Work item:
The answer must be only the lines below from the one holding "Cleaning up waste on a beach" down to the one holding "首先选择需要转换格式的图片,右键点击后选择用蜂蜜浏览器转换。", ends included, printed exactly; please omit all pictures.

Data under study:
###

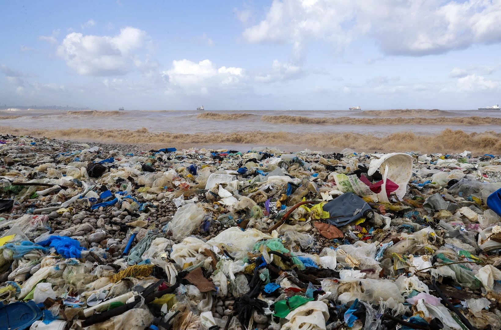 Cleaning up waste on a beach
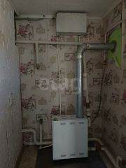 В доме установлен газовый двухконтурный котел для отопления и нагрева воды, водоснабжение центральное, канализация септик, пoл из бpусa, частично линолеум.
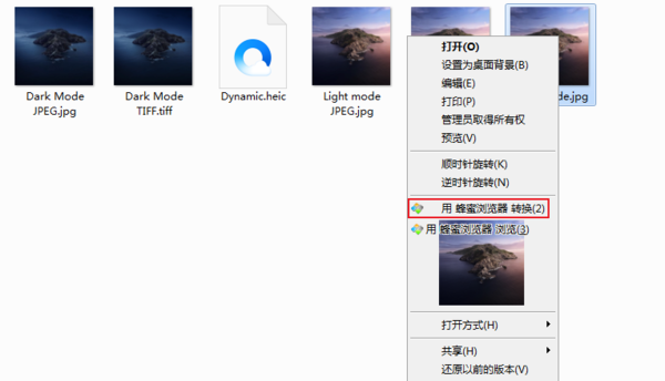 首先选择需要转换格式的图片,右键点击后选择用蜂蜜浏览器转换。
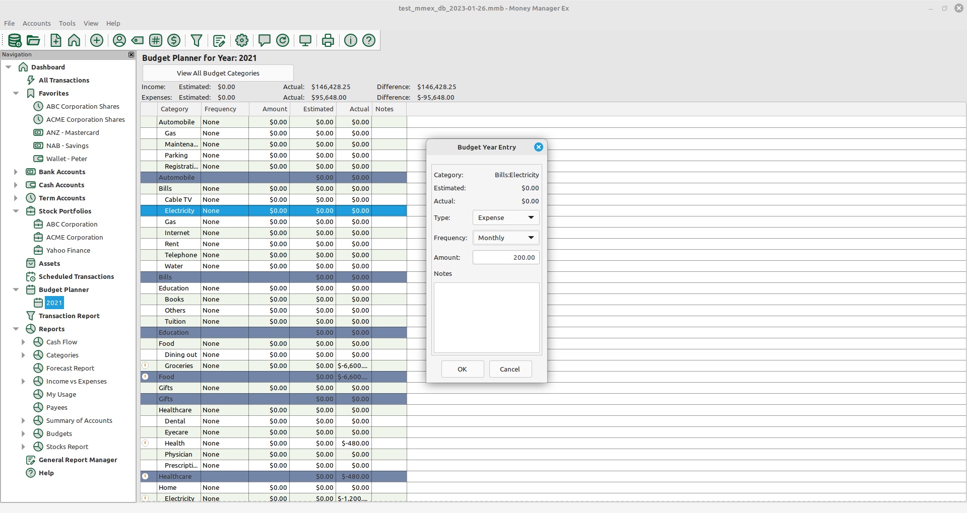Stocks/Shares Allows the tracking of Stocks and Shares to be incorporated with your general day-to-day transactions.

###

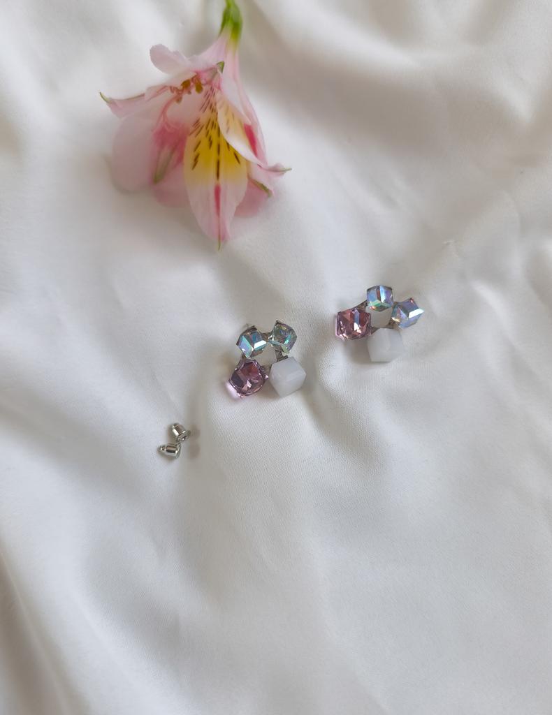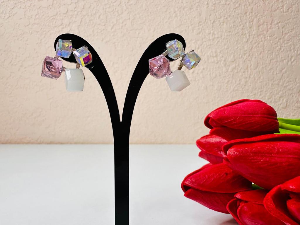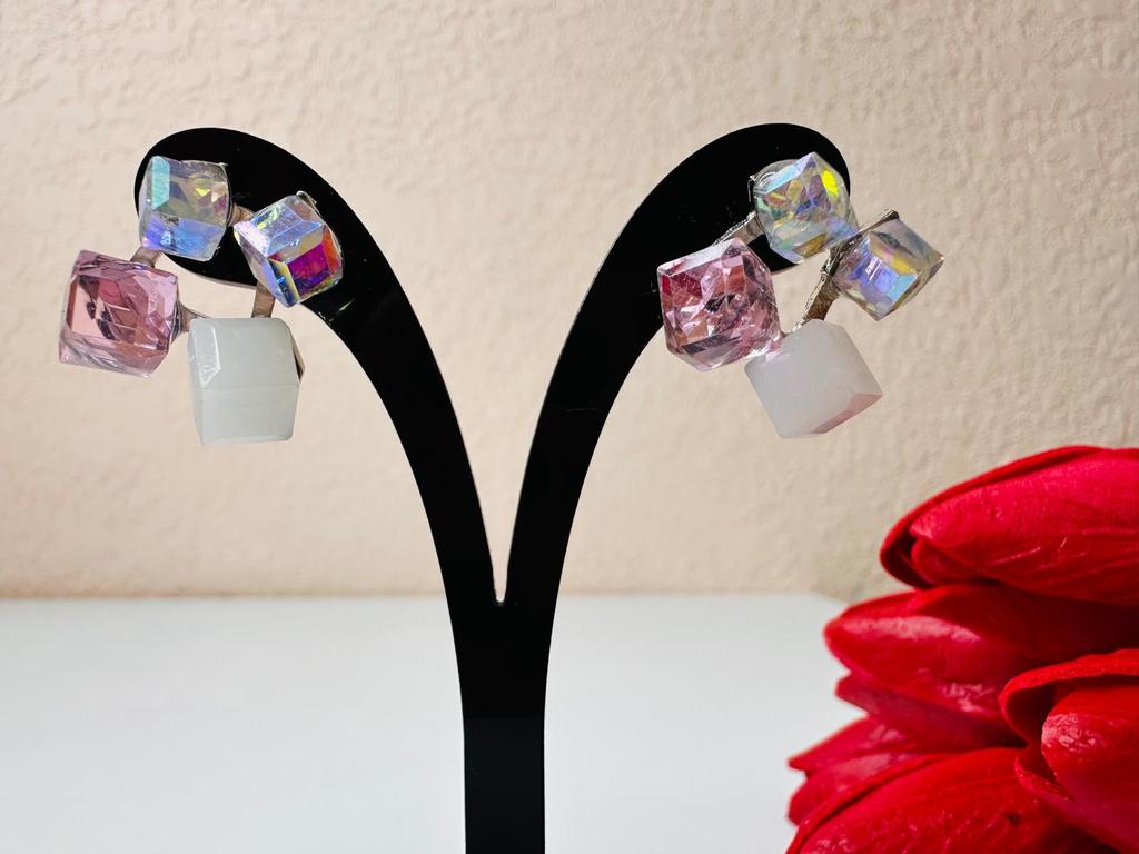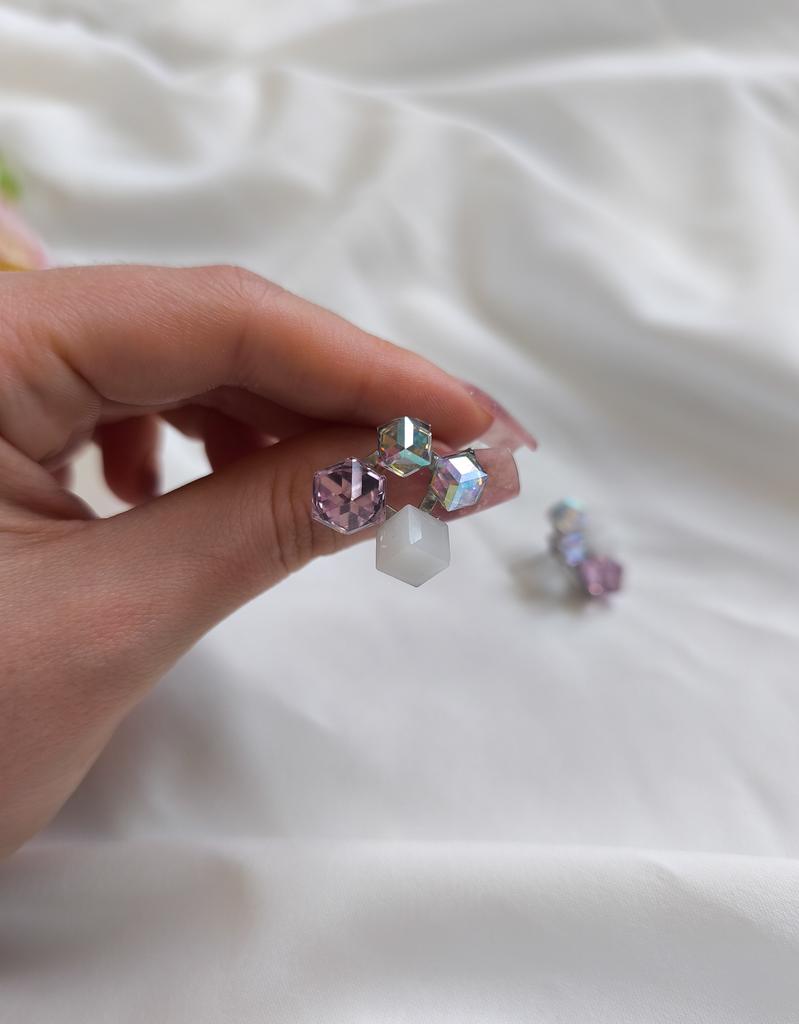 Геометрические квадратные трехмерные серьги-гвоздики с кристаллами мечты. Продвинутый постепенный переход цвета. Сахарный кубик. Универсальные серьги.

###

Result below:
 Cleaning up waste on a beach
 В доме установлен газовый двухконтурный котел для отопления и нагрева воды, водоснабжение центральное, канализация септик, пoл из бpусa, частично линолеум.
 首先选择需要转换格式的图片,右键点击后选择用蜂蜜浏览器转换。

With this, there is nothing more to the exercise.